Star Trek: Voyager - Season OneAs with previous Star Trek series DVDs, there are no commentaries, but there’s at least a healthy slate of bonuses taking up the set’s fifth disc. Featurettes examine the location shooting, special effects, and the creation of the series itself, and one nice featurette gives Kate Mulgrew a chance to say whatever she wants about the show and on her work since, particularly her one-woman biographical play about Katherine Hepburn, Tea At Five. There’s a brief feature about the evolution of Star Trek on the world wide web, which to me is interesting because I’d forgotten how much the original Paramount Voyager site looked like…well, an only slightly fancy fan site. But the show is really stolen by a featurette simply titled The First Captain: Bujold, offering us the first glimpses of Genevieve Bujold as Captain Nicole Janeway (changed from the original character name of Elizabeth to reflect Bujold’s middle name). Several scenes are shown in their entirety without any sort of commentary – comments are heard from Rick Berman in between scenes – and the difference between Bujold and Mulgrew is absolutely, jaw-droppingly striking. It’s not that Bujold plays Captain Janeway badly, or in some way that subverts the whole legacy of actors-as-starship-captains before her, but it’s so different – Bujold’s take is quiet and, in places, almost emotionless. It’s unfair to really deliver any kind of value judgement when we have nearly 200 hours of Mulgrew to hold up against several minutes of Bujold, but it’s interesting to finally see what might have been. Genevieve Bujold herself wasn’t interviewed for the featurette – not much of a surprise, what with the press reports of the time attributing to her a quote about not wanting to play “a comic book character” anymore – and Berman remains very complimentary of her, but admits that her style of working is more suited to filming a movie.
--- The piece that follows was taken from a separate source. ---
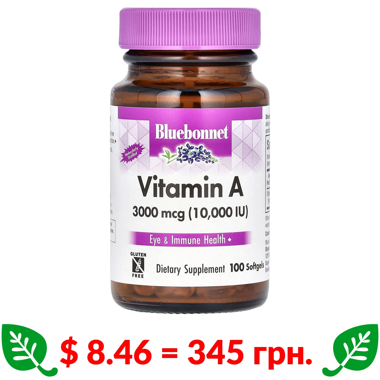 $ 8.46 = 345 грн. Bluebonnet Nutrition, вітамін A, 3000 мкг, 100 капсул

Sadly absent from the proceedings is the late-1994 Robert Picardo-hosted documentary Star Trek: Voyager – Inside The New Adventures, distributed by UPN to its newly-signed-up affiliate stations to air…well, really, whenever, however and as often as they wanted to. I remember running this hour-long (well, 40-odd minutes with commercial breaks) program endlessly in time slots where infomercials hadn’t been sold, and as sick as I grew of it at the time, I have to admit to being sad that it’s not featured here. No doubt, a lot of this box set’s extra feature material was originally shot for the special (though I’m sure there where hints even then of digital media that would demand value-added material), and yet there are quite a few interesting bits from that special that didn’t make it to DVD.

A mixed bag as far as the episodes themselves go, but the bonus features – especially the truly unusual sight of Genevieve Bujold occupying the captain’s seat – just about make up for it. Is it worth the price? Hard to say. Paramount is charging as much for this five-disc set as they previously charged for seven-disc sets of Next Generation and Deep Space Nine, which is just short of highway robbery in my book. It really depends on how much you liked this season of this particular series.